#### Data for this exercise:
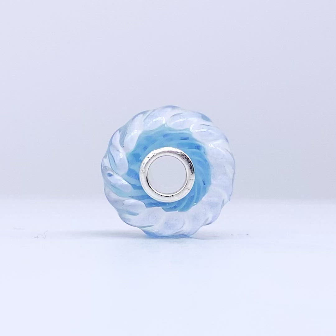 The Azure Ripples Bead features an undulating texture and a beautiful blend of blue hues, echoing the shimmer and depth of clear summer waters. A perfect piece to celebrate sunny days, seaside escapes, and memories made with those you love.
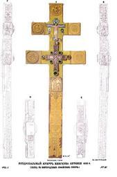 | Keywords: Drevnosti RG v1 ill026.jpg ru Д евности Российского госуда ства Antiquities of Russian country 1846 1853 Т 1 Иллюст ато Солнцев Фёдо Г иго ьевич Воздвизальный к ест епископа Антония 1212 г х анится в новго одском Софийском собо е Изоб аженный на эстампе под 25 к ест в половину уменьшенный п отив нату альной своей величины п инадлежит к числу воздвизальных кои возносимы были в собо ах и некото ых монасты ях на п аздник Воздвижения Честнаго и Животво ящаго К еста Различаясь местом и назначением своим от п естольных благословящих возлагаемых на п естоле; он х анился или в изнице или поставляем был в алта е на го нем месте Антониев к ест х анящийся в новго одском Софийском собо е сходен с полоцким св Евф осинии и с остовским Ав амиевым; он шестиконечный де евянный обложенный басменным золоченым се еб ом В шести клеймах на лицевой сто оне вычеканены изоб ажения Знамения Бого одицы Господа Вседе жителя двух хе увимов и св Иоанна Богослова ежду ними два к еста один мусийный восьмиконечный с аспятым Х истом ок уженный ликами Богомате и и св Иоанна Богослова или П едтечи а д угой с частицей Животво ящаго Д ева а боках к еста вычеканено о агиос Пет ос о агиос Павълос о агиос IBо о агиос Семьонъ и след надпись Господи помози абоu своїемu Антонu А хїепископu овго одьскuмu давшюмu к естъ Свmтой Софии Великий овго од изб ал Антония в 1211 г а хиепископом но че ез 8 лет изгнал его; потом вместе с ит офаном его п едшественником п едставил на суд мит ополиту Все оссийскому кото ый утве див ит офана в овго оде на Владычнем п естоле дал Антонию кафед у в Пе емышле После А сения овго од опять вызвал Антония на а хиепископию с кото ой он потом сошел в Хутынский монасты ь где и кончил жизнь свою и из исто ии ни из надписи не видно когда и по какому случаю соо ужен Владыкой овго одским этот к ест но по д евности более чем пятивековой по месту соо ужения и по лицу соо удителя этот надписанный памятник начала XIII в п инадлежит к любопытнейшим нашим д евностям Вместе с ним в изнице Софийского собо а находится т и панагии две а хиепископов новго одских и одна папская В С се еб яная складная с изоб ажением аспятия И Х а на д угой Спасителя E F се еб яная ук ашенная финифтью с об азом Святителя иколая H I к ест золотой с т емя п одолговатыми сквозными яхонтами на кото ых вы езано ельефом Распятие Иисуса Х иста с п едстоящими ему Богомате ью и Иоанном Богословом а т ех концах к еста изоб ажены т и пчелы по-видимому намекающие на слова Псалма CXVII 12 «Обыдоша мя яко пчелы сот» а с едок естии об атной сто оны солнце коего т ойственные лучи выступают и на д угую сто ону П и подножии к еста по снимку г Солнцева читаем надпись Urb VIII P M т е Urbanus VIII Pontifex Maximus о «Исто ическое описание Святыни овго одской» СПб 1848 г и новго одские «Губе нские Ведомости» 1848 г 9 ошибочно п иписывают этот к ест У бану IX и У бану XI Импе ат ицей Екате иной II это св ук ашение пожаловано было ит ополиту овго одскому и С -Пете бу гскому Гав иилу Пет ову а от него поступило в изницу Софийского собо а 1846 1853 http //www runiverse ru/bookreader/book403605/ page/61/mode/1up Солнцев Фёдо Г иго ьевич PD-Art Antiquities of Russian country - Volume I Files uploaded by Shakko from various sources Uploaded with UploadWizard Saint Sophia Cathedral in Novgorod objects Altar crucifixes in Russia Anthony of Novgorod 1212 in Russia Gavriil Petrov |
---
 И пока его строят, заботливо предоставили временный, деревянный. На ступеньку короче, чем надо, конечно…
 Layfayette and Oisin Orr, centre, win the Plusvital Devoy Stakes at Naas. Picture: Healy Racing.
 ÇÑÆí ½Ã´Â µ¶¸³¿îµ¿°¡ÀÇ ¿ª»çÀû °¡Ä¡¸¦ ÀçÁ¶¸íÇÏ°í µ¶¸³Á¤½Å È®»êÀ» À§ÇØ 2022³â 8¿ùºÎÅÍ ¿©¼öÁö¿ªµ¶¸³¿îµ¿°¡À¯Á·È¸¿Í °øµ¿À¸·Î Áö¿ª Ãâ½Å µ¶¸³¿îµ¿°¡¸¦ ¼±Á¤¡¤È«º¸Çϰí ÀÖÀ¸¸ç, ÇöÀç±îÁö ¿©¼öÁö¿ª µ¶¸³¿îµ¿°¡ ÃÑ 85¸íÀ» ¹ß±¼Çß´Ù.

#### Exercise brief:
Would you quote everything above from the line containing "И пока его строят, заботливо" down to the line containing "ÇÑÆí ½Ã´Â µ¶¸³¿îµ¿°¡ÀÇ"? Include both of those lines and nothing else.

#### The completed task:
 И пока его строят, заботливо предоставили временный, деревянный. На ступеньку короче, чем надо, конечно…
 Layfayette and Oisin Orr, centre, win the Plusvital Devoy Stakes at Naas. Picture: Healy Racing.
 ÇÑÆí ½Ã´Â µ¶¸³¿îµ¿°¡ÀÇ ¿ª»çÀû °¡Ä¡¸¦ ÀçÁ¶¸íÇÏ°í µ¶¸³Á¤½Å È®»êÀ» À§ÇØ 2022³â 8¿ùºÎÅÍ ¿©¼öÁö¿ªµ¶¸³¿îµ¿°¡À¯Á·È¸¿Í °øµ¿À¸·Î Áö¿ª Ãâ½Å µ¶¸³¿îµ¿°¡¸¦ ¼±Á¤¡¤È«º¸Çϰí ÀÖÀ¸¸ç, ÇöÀç±îÁö ¿©¼öÁö¿ª µ¶¸³¿îµ¿°¡ ÃÑ 85¸íÀ» ¹ß±¼Çß´Ù.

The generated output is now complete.